WORK TO BE COMPLETED →
Beginning with the line containing "ПОДХОДЯЩ КАПАЦИТЕТ :Само" and ending with the line containing "毕业典礼在庄严的国歌声中正式", write out each line of the records below exactly; pictures and lines outside that range are left out.

DATA PROVIDED →
>>
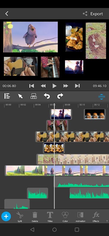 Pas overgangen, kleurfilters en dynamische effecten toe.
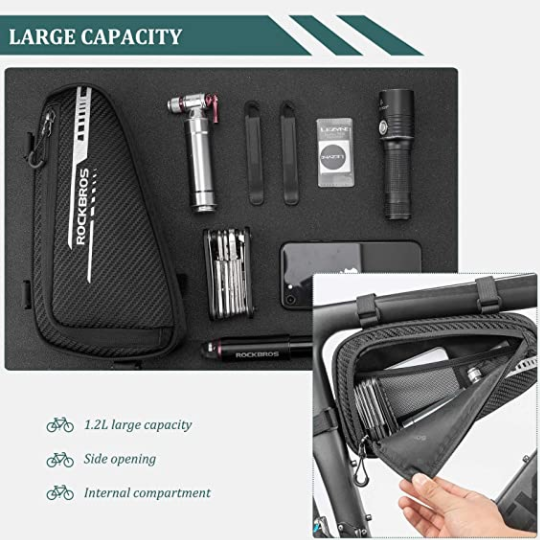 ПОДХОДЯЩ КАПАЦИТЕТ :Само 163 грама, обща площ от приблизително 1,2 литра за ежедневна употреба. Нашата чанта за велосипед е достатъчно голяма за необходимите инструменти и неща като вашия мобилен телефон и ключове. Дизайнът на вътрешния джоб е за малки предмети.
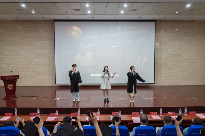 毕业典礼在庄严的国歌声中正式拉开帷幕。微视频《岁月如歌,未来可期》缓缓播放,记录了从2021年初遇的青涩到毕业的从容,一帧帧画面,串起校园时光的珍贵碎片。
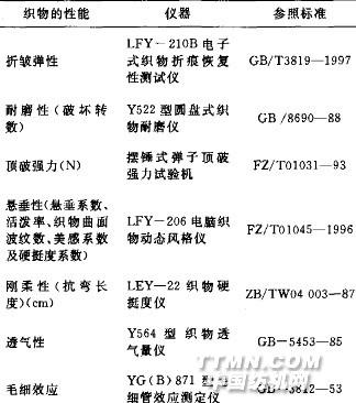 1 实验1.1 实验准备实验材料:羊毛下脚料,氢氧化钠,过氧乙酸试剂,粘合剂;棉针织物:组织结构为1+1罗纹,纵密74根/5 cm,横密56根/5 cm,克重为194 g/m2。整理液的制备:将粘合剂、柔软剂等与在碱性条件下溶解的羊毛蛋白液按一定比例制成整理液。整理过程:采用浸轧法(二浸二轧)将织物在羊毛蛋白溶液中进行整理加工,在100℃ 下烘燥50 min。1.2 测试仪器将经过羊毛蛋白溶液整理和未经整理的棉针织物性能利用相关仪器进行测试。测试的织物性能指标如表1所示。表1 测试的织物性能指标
<<
>>
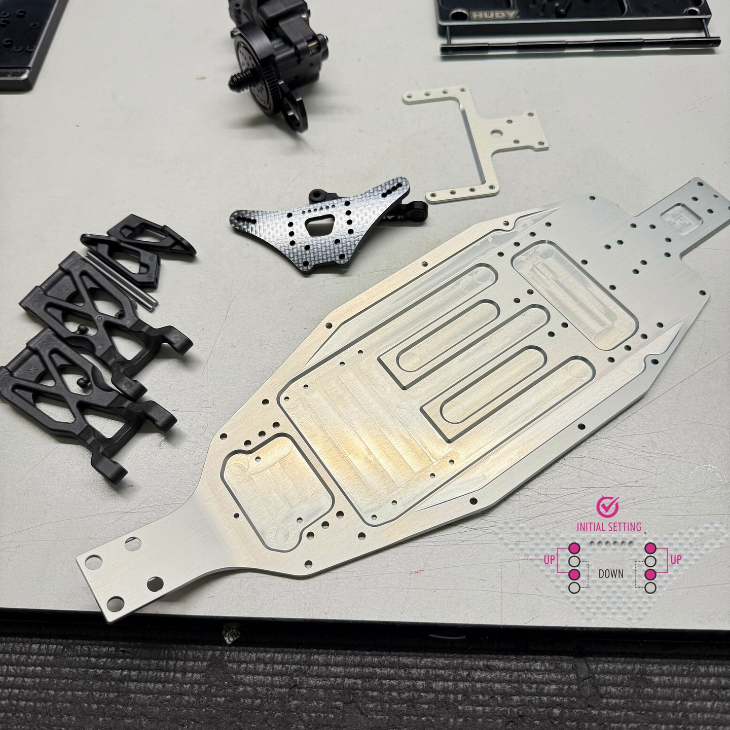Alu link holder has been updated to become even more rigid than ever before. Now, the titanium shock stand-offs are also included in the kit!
<<
RESULT BELOW →
 ПОДХОДЯЩ КАПАЦИТЕТ :Само 163 грама, обща площ от приблизително 1,2 литра за ежедневна употреба. Нашата чанта за велосипед е достатъчно голяма за необходимите инструменти и неща като вашия мобилен телефон и ключове. Дизайнът на вътрешния джоб е за малки предмети.
 毕业典礼在庄严的国歌声中正式拉开帷幕。微视频《岁月如歌,未来可期》缓缓播放,记录了从2021年初遇的青涩到毕业的从容,一帧帧画面,串起校园时光的珍贵碎片。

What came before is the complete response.